Does underutilization of prenatal care explain the excess risk for stillbirth among women with migration background in Germany?
- PMID: 19832550
- DOI: 10.3109/00016340903295584
Does underutilization of prenatal care explain the excess risk for stillbirth among women with migration background in Germany?
Abstract
Objective: To explore the role of utilization of prenatal care on the risk for stillbirth among women with migration background in Germany by comparing stillbirth rates of women from different origins characterized by adequate and inadequate utilization of prenatal care to German women with adequate utilization of care.

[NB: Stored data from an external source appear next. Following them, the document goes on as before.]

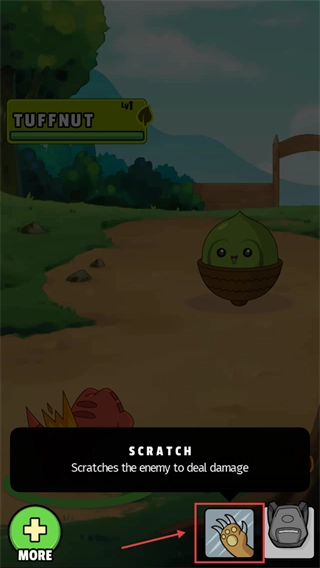 战斗时点击【SCRATCH】技能图标,用抓击攻击敌人【TUFFNUT】,将其击败以推进游戏进程。
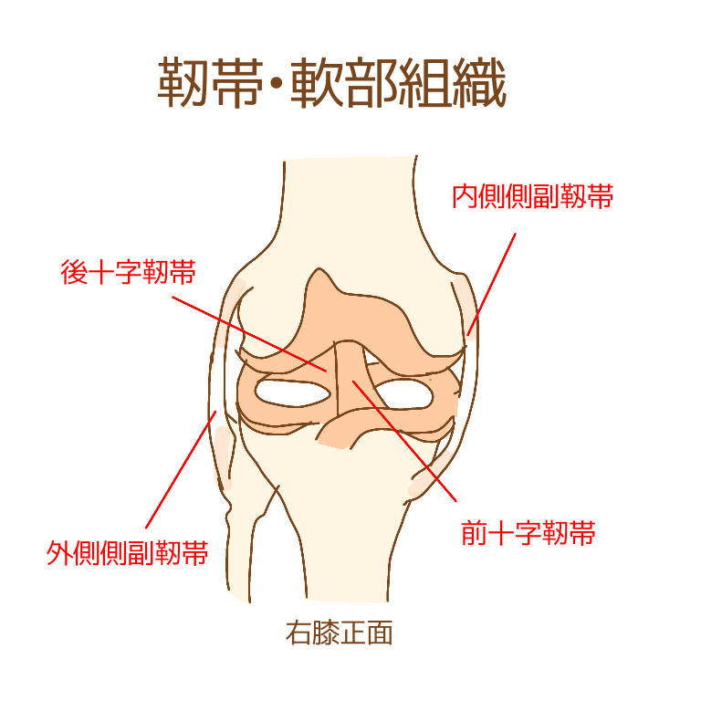 膝関節には沢山の靭帯があります。靭帯は骨と骨をつなぐ役目があります。
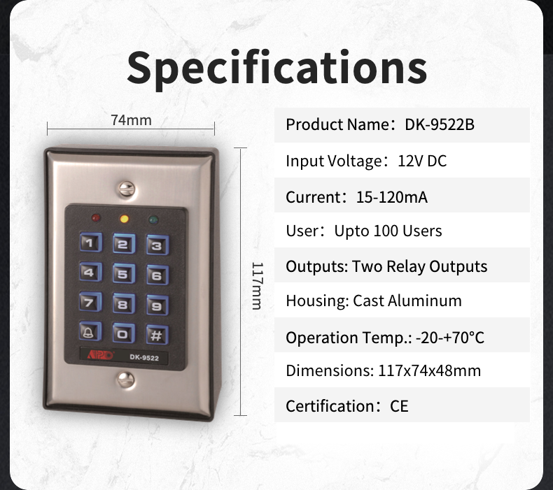 DK-9522B ชุดควบคุมการเข้าออกด้วยแป้นกดดิจิตอลขั้นสูง 12V รองรับผู้ใช้ 100 คน พร้อมเซ็นเซอร์ประตู และรีโมทควบคุมเอาต์พุต
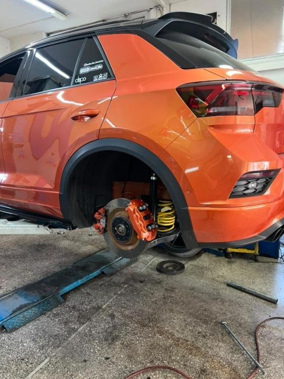 doggy Posted August 19, 2020 Report Posted August 19, 2020 Λίγο πολύ όλοι ξέρετε το VW Polo 6N που είχα στην Ελλάδα , το οποίο από το 2021 βρίσκεται μαζί μου στην Ολλανδία. Θέλοντας όμως και ένα λίγο πιο "καθημερινό" αυτοκίνητο για την Ολλανδία, πήρα ένα T-Roc. Ας παρουσιάσω και τον Μανταρίνη λοιπόν. Πρόκειται για ένα 2020 T-Roc 2.0 TSI, που καθώς έχω το μικρόβιο της βελτίωσης (γενικά), πέρασε και αυτό ήδη από μερικά στάδια βελτίωσης. Το αυτοκίνητο παρέμεινε "μαμά" για 1 εβδομάδα και κατόπιν έγιναν wrap με μαύρο gloss 3M vinyl όλες οι ασημί λεπτομέρειες (ράγες οροφής, ασημένιες ψεύτικες εξατμίσεις στον πίσω προφυλακτήρα, λογότυπα μπρος πίσω και πλαινά) και βαφή των δαγκάνων των φρένων σε πορτοκαλί gloss. Λίγο αργότερα έγιναν φιμέ τα πίσω φανάρια +3ο στοπ +ανακλαστήρες, τα DLR/φλας και μπήκε και φιμέ λωρίδα στο μπροστά τζάμι ψηλά, για να διευκολύνει στην οδήγηση. Ενδιάμεσα στις 2 επισκέψεις για το wrap έγινε ηλεκτροστατική βαφή στις Sebring 18" ζάντες, σε μαύρο gloss χρώμα και μπήκαν και τα γνήσια self-leveling καπάκια στις ζάντες με το καινούριο λογότυπο της VW. Τα παραπάνω ακολούθησε κατόπιν η αφαίρεση του πίσω wrap στο λογότυπο και η βαφή του σε μαύρο gloss με τα γεμίσματα στο χρώμα του αμαξώματος. Επιπλέον έγινε custom ο πίσω προφυλακτήρας με την αφαίρεση των ψεύτικων εξατμίσεων. Και έγινε ceramic coating σε όλο το αυτοκίνητο. Λίγο αργότερα μπήκαν ένα turbo muffler delete, ένα turbo intake 90 degree elbow και τα δύο της racingline και μπήκε πρόγραμμα 1ου σταδίου που μας έδωσε περίπου τα 260 άλογα (με 100άρα βενζίνη) και 430nm ροπής. Πίστευα πως τελείωσα αλλά ακόμη δεν μου καθόταν καλά στο μάτι. Οπότε οι 18" Sebring αλλάχθηκαν με DRC DGR ζάντες σε μαύρο gloss (Pretoria inspired) σε 19"x8.5 ET45 και με 235/40/19 Continental Sportcontact 6XL. Και τέλος, μπήκαν ελατήρια της Eibach, το Pro-Kit συγκεκριμένα, κρατώντας την μαμά ανάρτηση. Ο λόγος που δεν άλλαξα ανάρτηση γενικά είναι γιατί την στιγμή της αλλαγής το αυτοκίνητο είχε περι τα 6500χλμ μόνο. Μπήκε και μια custom cat-back (OPF/GPF back) εξάτμιση και πλέον θα περιμένω υπομονετικά μέχρι να λήξει η 4ετής εγγύηση πριν πάμε για bigger turbo κλπ. Πάρτε και μερικές φώτο από την αρχή μέχρι τώρα. ΟΕΜ: Wrapped: 18" Sebring painted: Tinted lights: Custom rear logo and rear bumper: 19" DRC DGR rims: Eibach springs installed: Valve exhaust installed: Και μερικά ξερόγκαζα με την βαλβίδα ανοιχτή και κλειστή: Και πως είναι τώρα (δείτε στα ποστ που είναι μέσα στις σελίδες του θέματος για τις ενδιάμεσες αλλαγές): Quote

Design: Retrospective cohort study.
Setting: Lower Saxony, Germany.
Population: Singletons born in 1990, 1995 and 1999 (n = 182,444).
Methods: We analyzed perinatal data collected by obstetricians and midwives prospectively during pregnancy and after birth. The Adequacy of Prenatal Care Utilization Index was applied. Chi-squared tests and bivariate and multivariable logistic regression models were used.
Main outcome measures: Stillbirth rates.
Results: In crude analyses, inadequate utilization of prenatal care (OR = 1.86, 95% CI 1.52, 2.28), and origin from Central and Eastern Europe (OR = 2.05, 95% CI 1.63, 2.58), the Mediterranean (OR = 1.77, 95% CI 1.38, 2.65), the Middle East (OR = 2.63, 95% CI 2.24, 3.09) and other countries (OR = 1.79, 95% CI 1.10, 2.89) were related to stillbirths. After adjustment for age, parity, smoking, inter-pregnancy interval, employment status and year of observation, compared to Germans with adequate utilization of prenatal care, women with adequate utilization of care from Central and Eastern Europe (OR = 1.74, 95% CI 1.33, 2.29) and the Middle East (OR = 1.98, 95% CI 1.64, 2.39) and women with inadequate utilization of prenatal care from the Mediterranean (OR = 3.00, 95% CI 1.71, 5.26) were at higher risk for stillbirths.
Conclusion: There are inconsistent relation patterns between stillbirth, area of origin and utilization of prenatal care. Among women from the Mediterranean, increasing utilization of prenatal care may result in lower stillbirth rates.